One of the biggest pain points with earlier image models was consistency. You could generate a nice character once, but it was hard to keep them stable across multiple shots or scenes. Nano Banana Pro is specifically tuned for this. It can maintain consistent looks for multiple distinct characters or people and keep track of a set of objects or reference elements in a scene. That makes a huge difference for storyboards, marketing campaigns, and app illustrations. You can design a mascot once and then reuse it in a series of contexts. Or you can build a product hero shot and then place that same product in different environments without it morphing.

Because the model shares Gemini 3’s reasoning and knowledge, it can also generate infographics, diagrams, UI mockups, and other structured visuals that are grounded in facts or in a source document you provide. We have been using it to turn dense technical docs into architecture diagrams or sequence charts, handwritten notes into clean flowcharts, and textual descriptions of screens into UI mockups you can iterate on. The text rendering is much more reliable now, including for multiple languages, which has been a long‑standing annoyance in generative images.

We also pushed fidelity and resolution much higher. Nano Banana Pro supports outputs up to 4K in the API and pro tools, with 2K available in many consumer surfaces. The underlying upscaler and diffusion stack are tuned for detail retention at these resolutions. On top of that, you get robust cleanup tools: remove unwanted objects and fill backgrounds intelligently, tweak small imperfections, and use inpainting to surgically change parts of an image (swap colors, add a logo, remove a shadow).

For a smart‑home product launch, for example, you can generate the hero product shot, ask Nano Banana Pro to insert your exact logo text cleanly, generate multiple environment shots (kitchen, living room, night scene) with the same device design, output banner and poster variants at different aspect ratios and resolutions, and do final cleanup in the same system instead of exporting to another editor.

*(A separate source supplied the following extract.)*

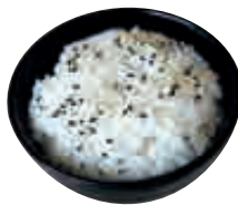
A2 Riz vinaigré

You can access Nano Banana Pro today in the Gemini app by selecting the image creation mode and the “Thinking” model, inside Search’s AI Mode, via the Gemini API and AI Studio, and in other products like Ads creative tools, Slides, and our video tooling as those integrations roll out. All images from our tools carry SynthID watermarks to make their AI origin detectable, which is important as we move toward more powerful visual models.

Bringing It All Together

From the inside, this past week has felt like a turning point.

Compared to Gemini 2.5 Pro, Gemini 3.0 gives us a much stronger reasoning core, deeper multimodality with a huge context window, significantly better coding and tool‑use behavior, an agent‑first IDE in Antigravity, a genuinely capable terminal agent in the Gemini CLI, and a visual model, Nano Banana Pro, that turns Gemini into a real design and image editing partner.

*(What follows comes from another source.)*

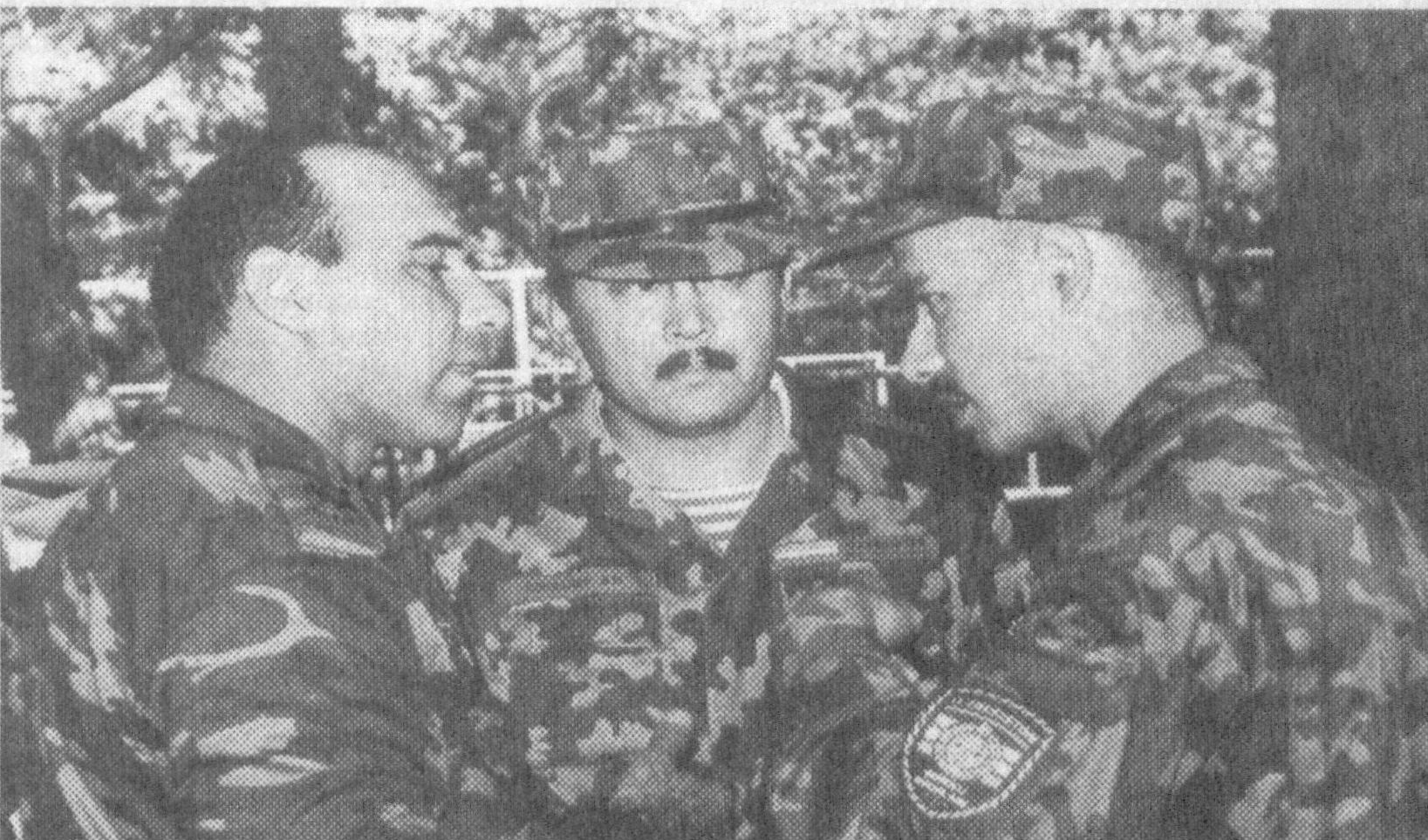
Ўзбекистон ҳудудидида шу кунларда кўп миллатли кучларнинг НАТОнинг «Тинчлик йўлида ҳамкорлик» дастури доирасига кирувчи «Марказий Осиё» батальони-97» дала машқлари бўлиб ўтмоқда.

We did not want this to be just another model release. That is why we shipped 3.0 straight into Search, the Gemini app, AI Studio, Vertex AI, Antigravity, Code Assist, and the CLI all in the same week. The goal is simple: wherever you build or explore ideas, Gemini 3 should be there, and it should feel like a capable collaborator, not a novelty.

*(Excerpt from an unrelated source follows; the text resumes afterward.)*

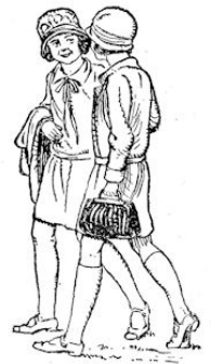
„Hoe lang heb jij vakantie?”
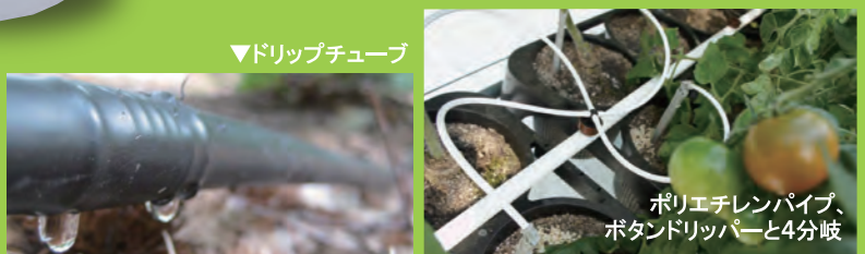
▼ドリップチューブ

For developers, this changes the texture of day‑to‑day work. You can vibe‑code entire apps from a description and then iterate with an agent that can actually run and debug the code. You can let agents handle the boring glue work while you focus on architecture and product decisions. You can generate and refine visual assets from the same system that writes your backend and your frontend. And you can wire all of this into your own tools with the Gemini API.

We are still early. There are rough edges, there are things Gemini still gets wrong, and human review remains essential. But after working on Gemini 3 and using it across Antigravity, the CLI, and Nano Banana Pro over the last week, it is hard to go back. It feels less like asking a chatbot for help and more like collaborating with a set of specialized, fast, tireless teammates.

If you build software, design experiences, or just like to push on what AI can do, this is the moment I have been waiting to share: Gemini 3.0 is out, it is topping benchmarks like WebDev Arena and Design Arena on the coding and UI side, and it is ready to build with you.